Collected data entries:
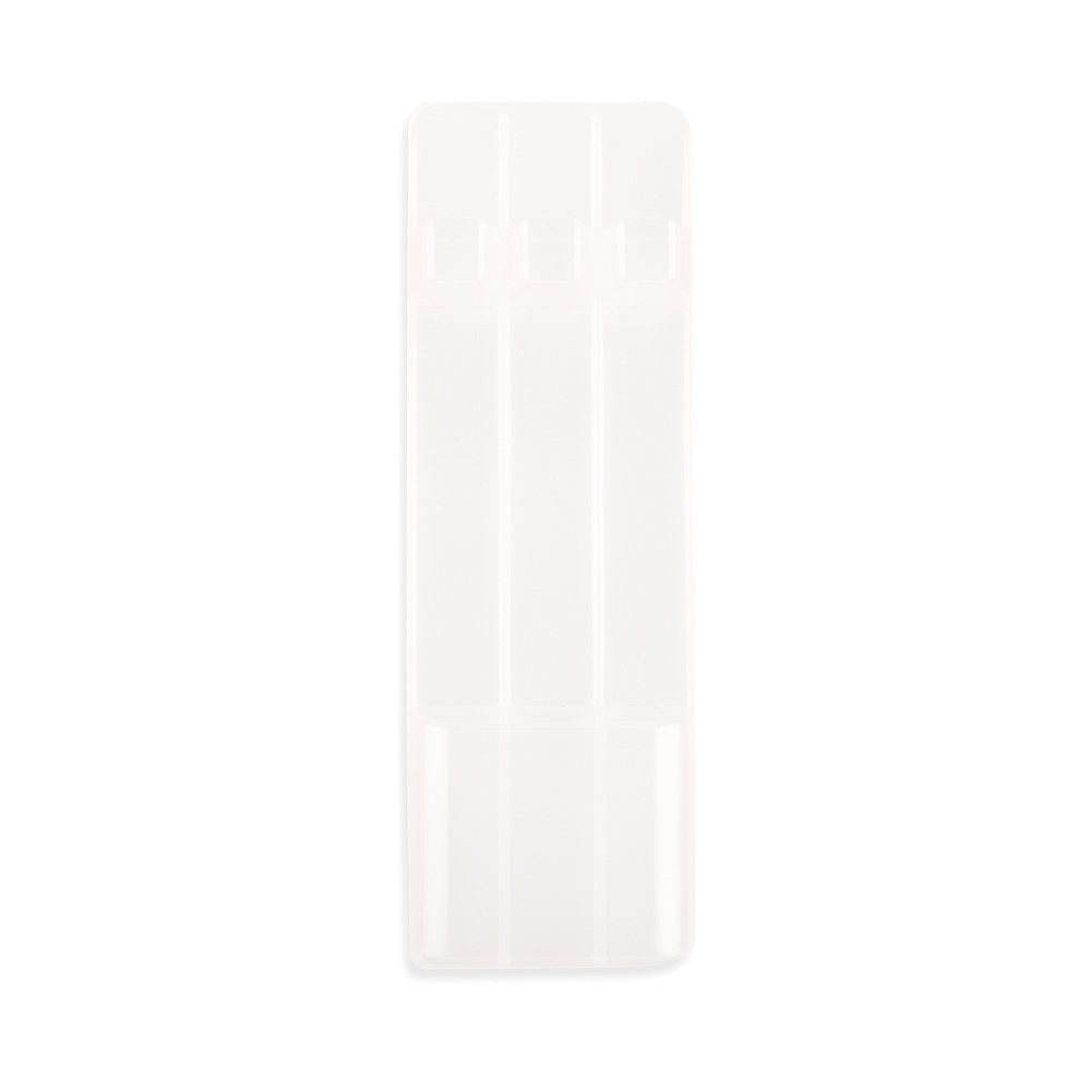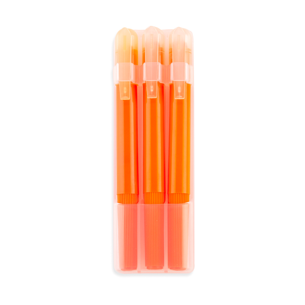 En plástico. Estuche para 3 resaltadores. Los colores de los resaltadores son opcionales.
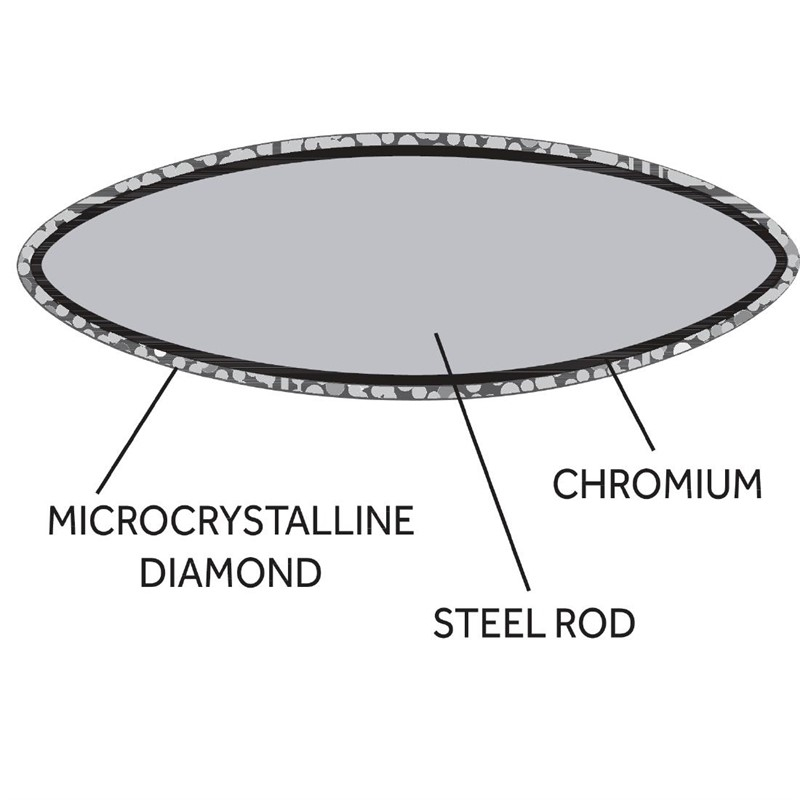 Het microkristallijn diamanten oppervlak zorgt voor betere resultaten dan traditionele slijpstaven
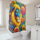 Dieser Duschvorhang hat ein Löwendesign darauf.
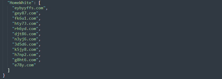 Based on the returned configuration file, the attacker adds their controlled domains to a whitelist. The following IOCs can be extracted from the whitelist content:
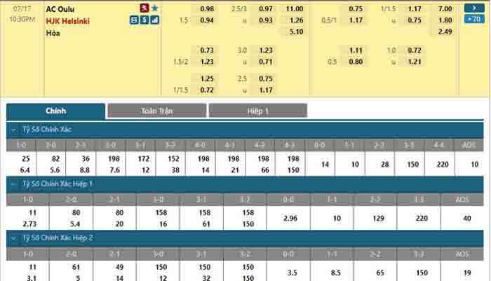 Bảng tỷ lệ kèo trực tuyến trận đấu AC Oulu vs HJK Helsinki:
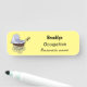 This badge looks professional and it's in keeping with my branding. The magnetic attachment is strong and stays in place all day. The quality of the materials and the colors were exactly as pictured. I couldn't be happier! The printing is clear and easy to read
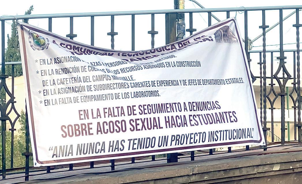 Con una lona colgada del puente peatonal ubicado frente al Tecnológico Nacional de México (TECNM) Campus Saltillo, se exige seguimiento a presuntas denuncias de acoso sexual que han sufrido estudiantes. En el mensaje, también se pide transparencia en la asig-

> _THE PROBLEM_:
Every line above is to be reproduced verbatim, and the pictures are to be omitted.

> _RESPONSE BOX_:
 En plástico. Estuche para 3 resaltadores. Los colores de los resaltadores son opcionales.
 Het microkristallijn diamanten oppervlak zorgt voor betere resultaten dan traditionele slijpstaven
 Dieser Duschvorhang hat ein Löwendesign darauf.
 Based on the returned configuration file, the attacker adds their controlled domains to a whitelist. The following IOCs can be extracted from the whitelist content:
 Bảng tỷ lệ kèo trực tuyến trận đấu AC Oulu vs HJK Helsinki:
 This badge looks professional and it's in keeping with my branding. The magnetic attachment is strong and stays in place all day. The quality of the materials and the colors were exactly as pictured. I couldn't be happier! The printing is clear and easy to read
 Con una lona colgada del puente peatonal ubicado frente al Tecnológico Nacional de México (TECNM) Campus Saltillo, se exige seguimiento a presuntas denuncias de acoso sexual que han sufrido estudiantes. En el mensaje, también se pide transparencia en la asig-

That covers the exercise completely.